### [YOUR INSTRUCTIONS]
Apart from the pictures, the listing is to be returned exactly.

### [DATA BELOW]
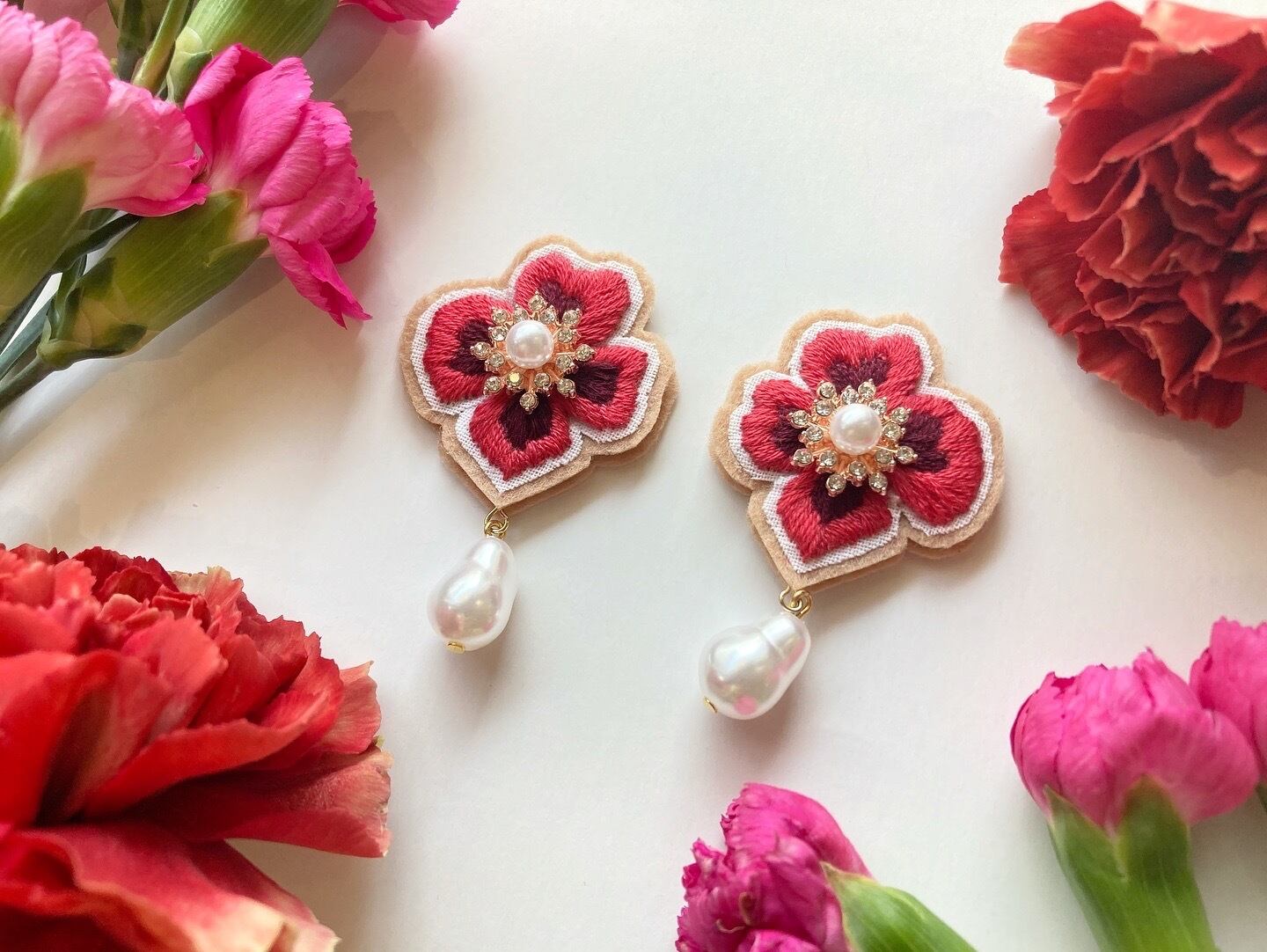 彩りのある刺繍花やパールアクセサリーなどを製作。
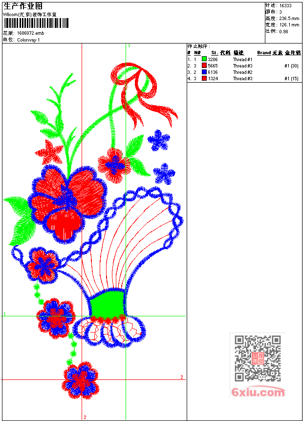 - emb花版参数: 大小:95.50 KB / 尺寸:126*237[毫米] / 针数:16333针 / 线色:3 / 格式:emb / 版本:7
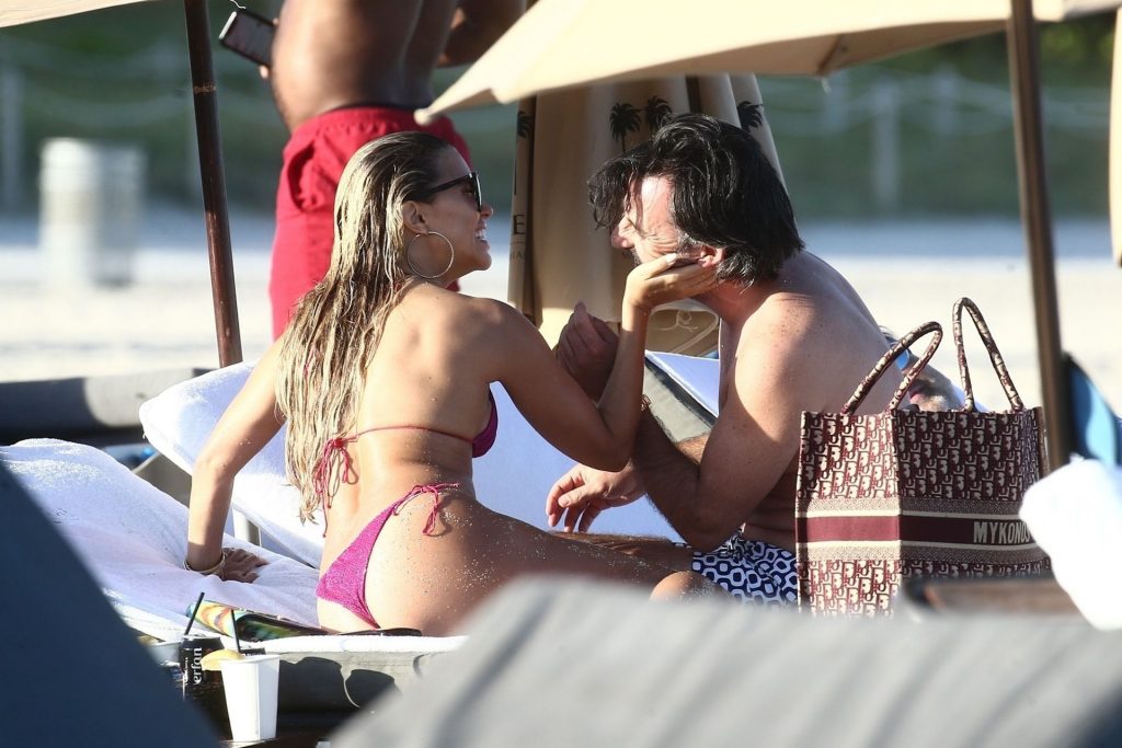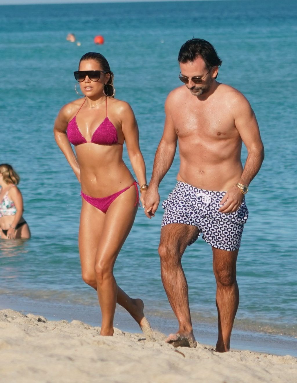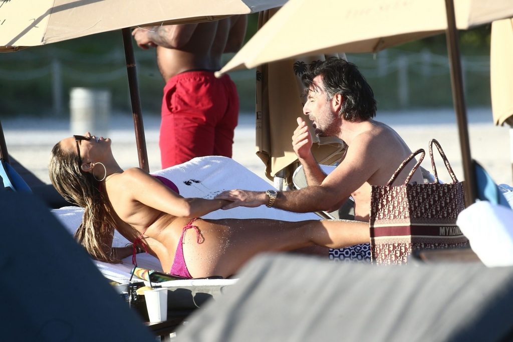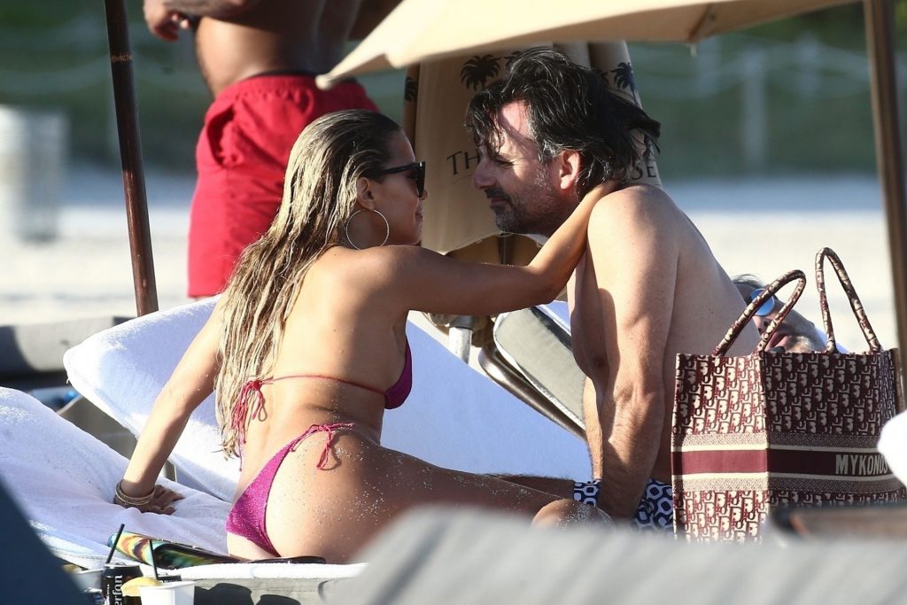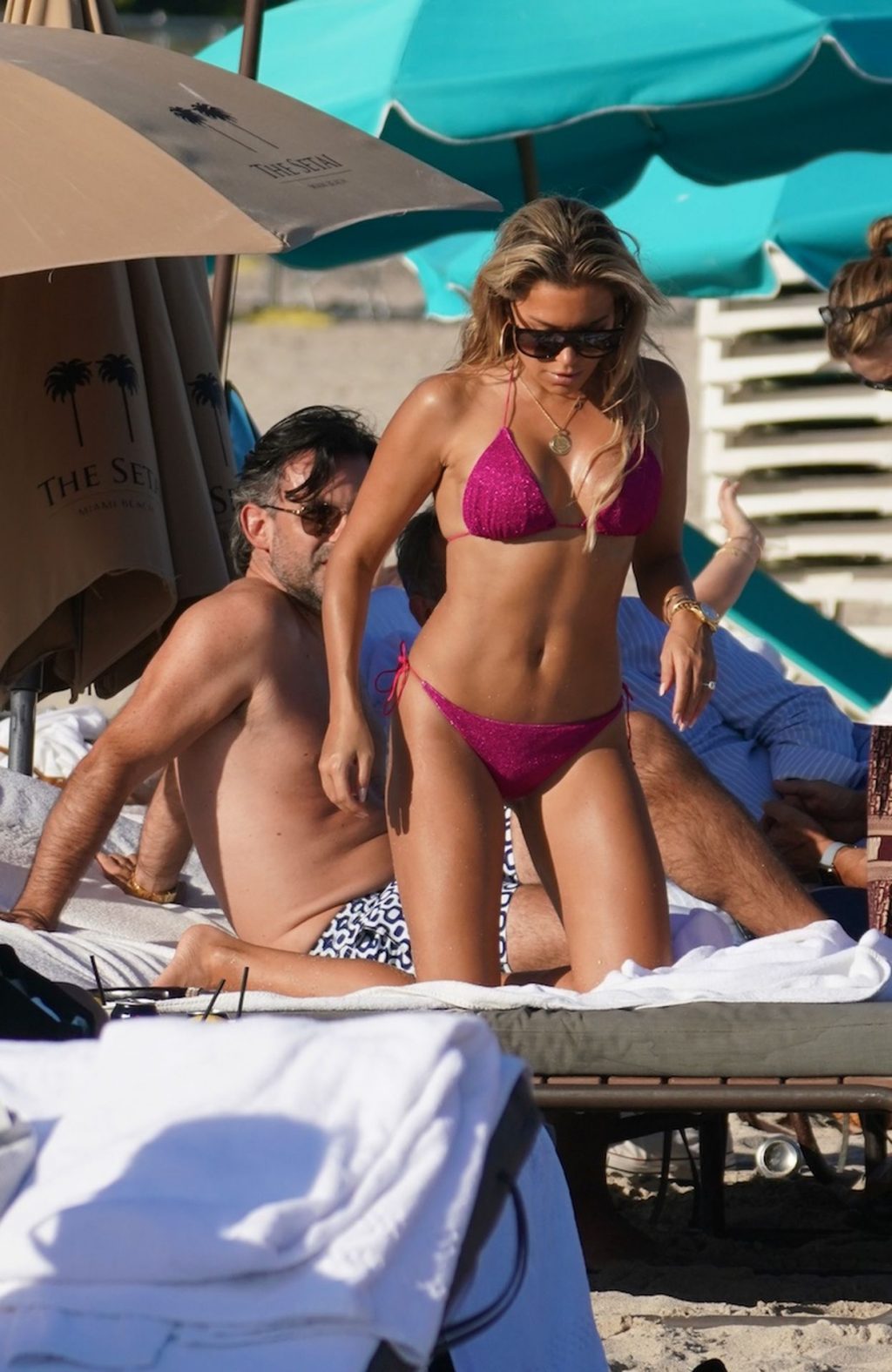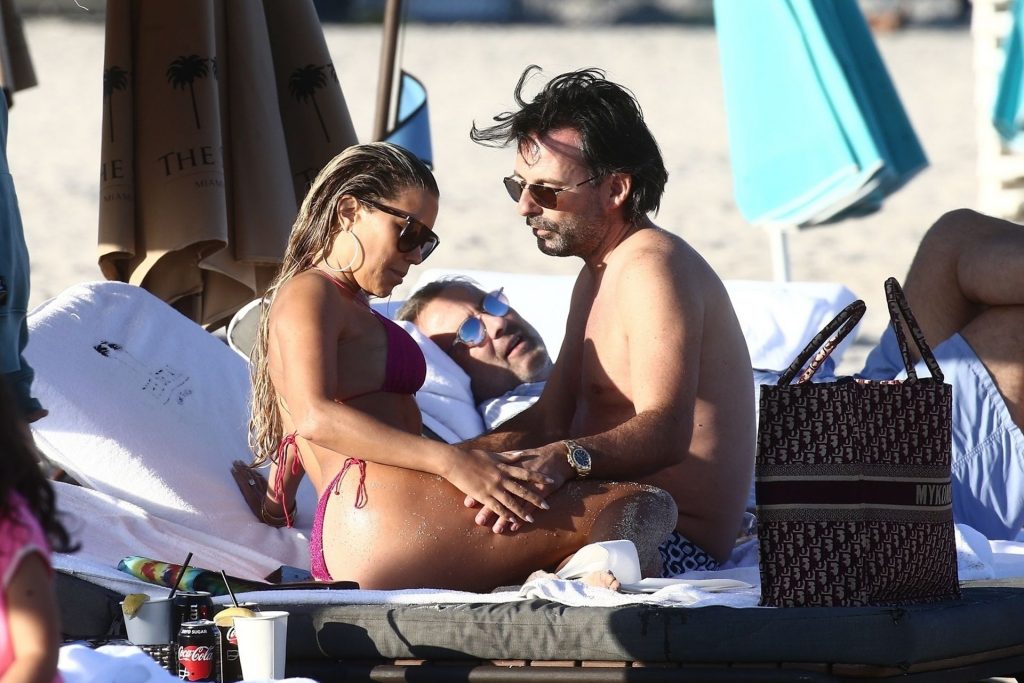 Sylvie Meis, 41, fue fotografiada con un bikini morado en la playa de Miami Beach, 12/02/2019. Sylvie se dio un baño en el océano con su prometido y disfrutó del sol en las playas de Miami.

### [WRITTEN ANSWER]
 彩りのある刺繍花やパールアクセサリーなどを製作。
 - emb花版参数: 大小:95.50 KB / 尺寸:126*237[毫米] / 针数:16333针 / 线色:3 / 格式:emb / 版本:7
 Sylvie Meis, 41, fue fotografiada con un bikini morado en la playa de Miami Beach, 12/02/2019. Sylvie se dio un baño en el océano con su prometido y disfrutó del sol en las playas de Miami.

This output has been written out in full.